CIA Gains Technology To Monitor Social Media Buzz
United States intelligence agencies will have a tool to read blog posts, Twitter tweets and chatter across the Internet. In-Q-Tel, the independent strategic investment arm of the U.S. government, has infused cash into Visible Technologies with plans to make the platform available to all 15 agencies it supports, including the United States Central Intelligence Agency (CIA).
The decision represents a movement now underway by the United States government to become more familiar with emerging social media and Internet technology. In-Q-Tel also has made an investment in ThingMagic, a company deep in radio frequency identification (RFID) technology.

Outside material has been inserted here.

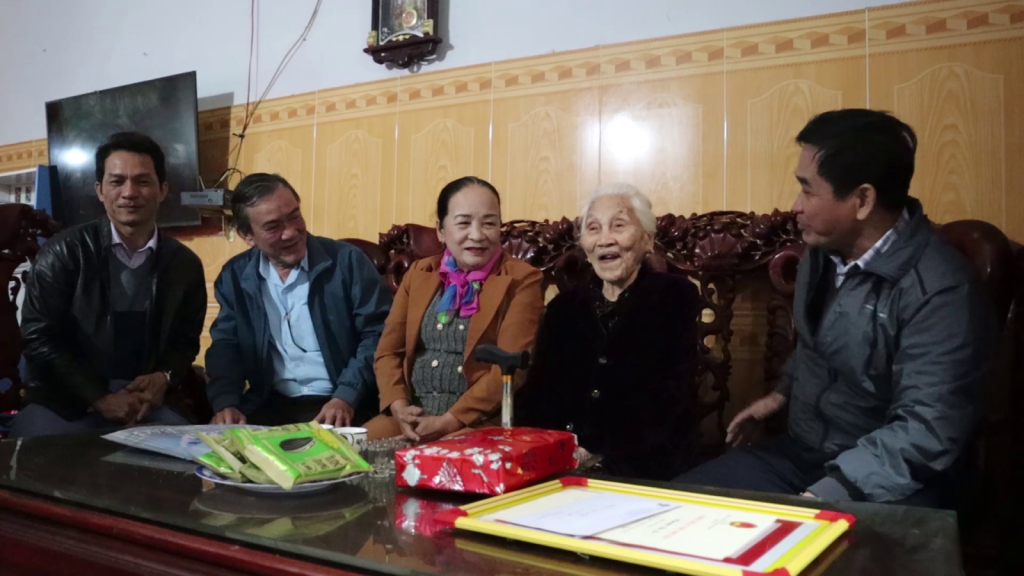 Thăm, mừng thọ cụ bà Phạm Thị Dục, ở Tổ dân phố 4 thị trấn Trà Xuân tròn 90 tuổi và tặng phần quà 700 ngàn đồng.

Donald Tighe, vice president of external affairs at In-Q-Tel, says the company made the investment to introduce Visible's technology to government agencies, but declined to provide specifics. He says In-Q-Tel's average investment varies between $500,000 and $3 million per company. Since being founded in 1999, In-Q-Tel has invested about 80% in work programs and 20% in partnering with other venture capitalists, Tighe says.
Explaining how U.S. intelligence agencies might use Visible's platform, Tighe points to technology that companies install to automate analysis of customer service phone conversations. Sophisticated technology can determine when it's appropriate to bring in a supervisor to resolve disputes based on the tone of the person talking and the words being used in the conversation to convey the message.

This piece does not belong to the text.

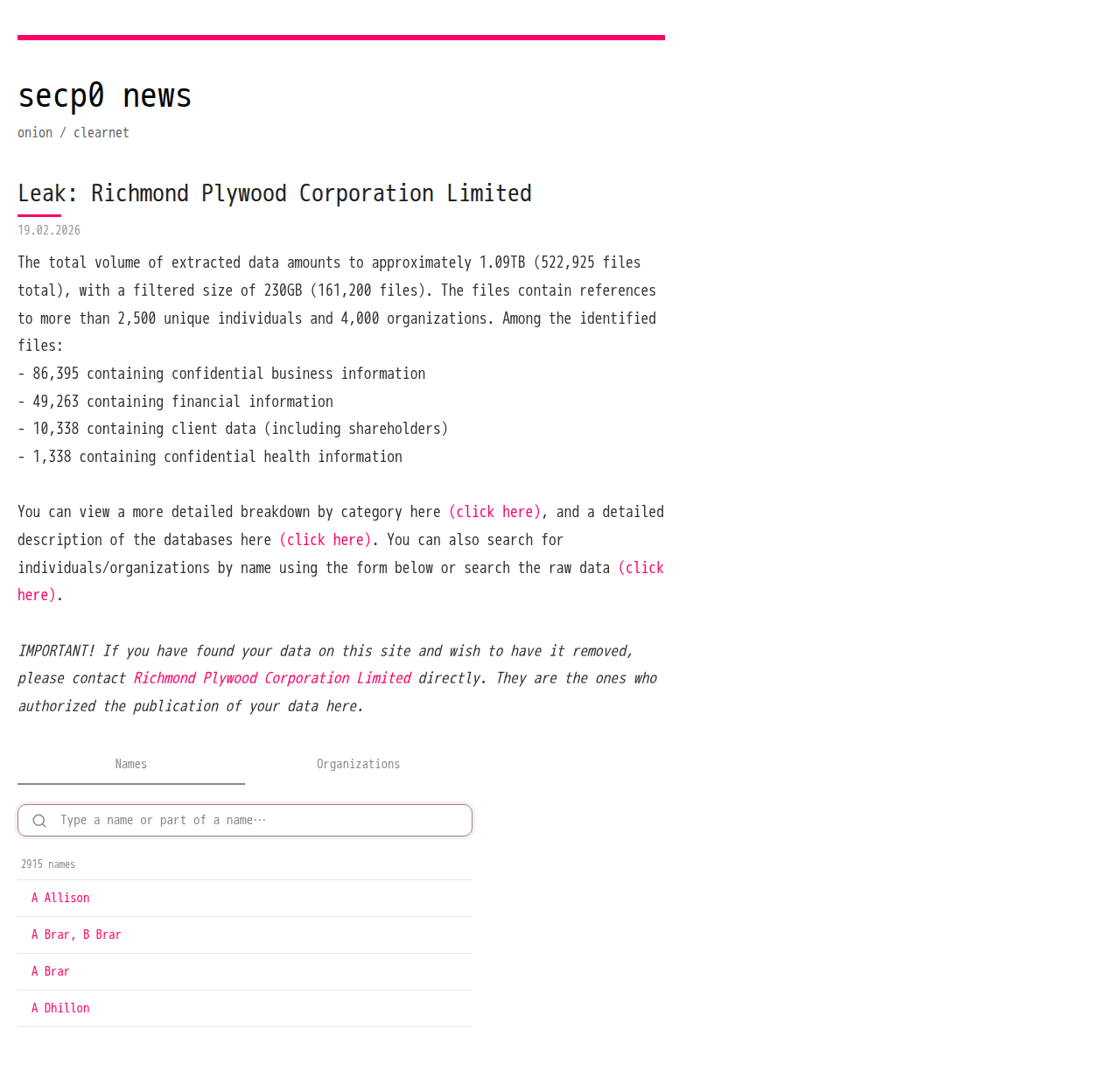 | Leak: Richmond Plywood Corporation Limited | The total volume of extracted data amounts to approximately 1.09TB (522,925 files total), with a filtered size of 230GB (161,200 files). The files contain references to more than 2,500 unique individuals and 4,000 organizations... Open post | Screen | |

Visible Technologies' platform helps brands to monitor the millions of posts and conversations on blogs, forums, YouTube, Twitter and other online forums. "There is a world full of countries with people who are in online chat rooms," Tighe says. "They may talk about something important to national security issues, or maybe someone becomes concerned about what they hear in one of these rooms. These scenarios are an example of the type of monitoring technology Visible Technologies offers."

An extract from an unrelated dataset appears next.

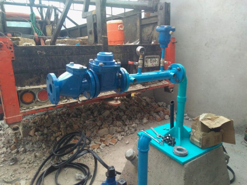 También se contempla la colocación de un tren de piezas especiales que se compone de diversos elementos y la construcción de una caseta para el equipo de cloración, el cual consiste en una bomba dosificadora de líquidos y un tanque de polietileno de 450 litros para la solución diluida de hipoclorito de sodio.

The government represents a new market segment opportunity for tech companies, according to Blake Cahill, senior vice president of marketing at Visible Technologies. In this case, the CIA has become interested in a feature in one of the platforms the company offers.
Visible crawls about 500,000 Web sites daily to gather information from more than 1 million posts and conversations. In-Q-Tel's investment is not random, but rather is related to a particular project that Cahill declined to discuss. It could alter Visible's product roadmap, fast-forward it and open avenues to data that had been closed in the past, he admits.